Map24 was a free online mapping service, providing street level maps and driving directions for many parts of the world. Map24 was taken offline on September 15, 2011. www.map24.com was pointing to here.com. However, the Web Archive has archived Map24 website and it is fully functional, as the former original.

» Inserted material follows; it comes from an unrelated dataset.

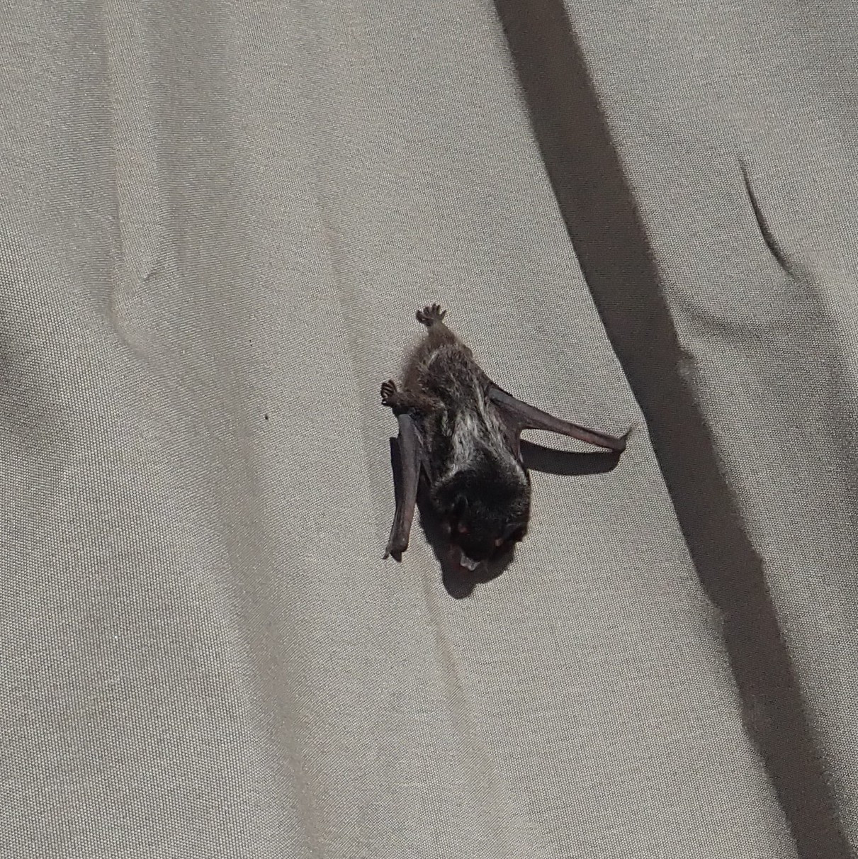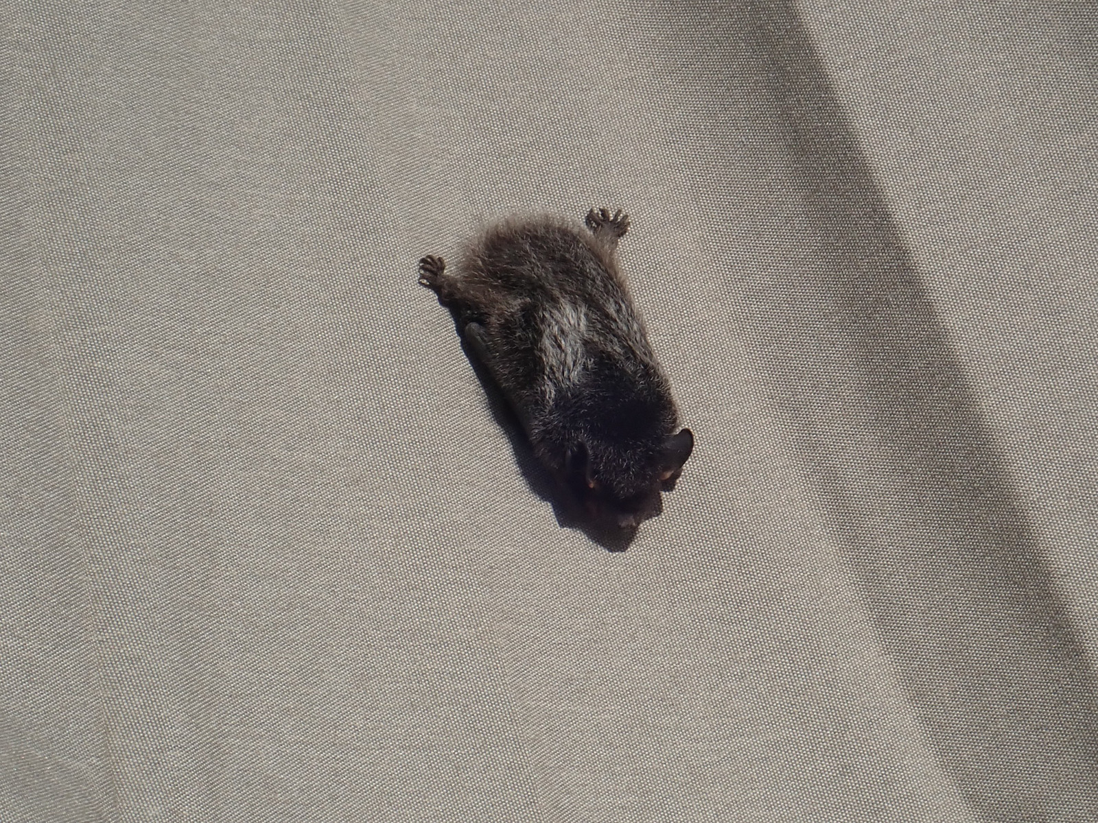 Apparently, though, a stowed umbrella is a compelling seeming place to sleep the day away, if you’re a bat. I went out one afternoon to deploy them, and as I started cranking it up, I saw a large black spot. I was initially annoyed, thinking it was mold or mildew, but… nope! This is what I found!

Map24 was owned and operated by Mapsolute GmbH, a producer of geographic software until they were acquired in 2007 by NAVTEQ, now called HERE. The website had five million users in Germany and 150 million monthly page views.

The service was powered by a company-owned technology called MapTP which offers features like a 3-D route flight and complete interactivity with each map.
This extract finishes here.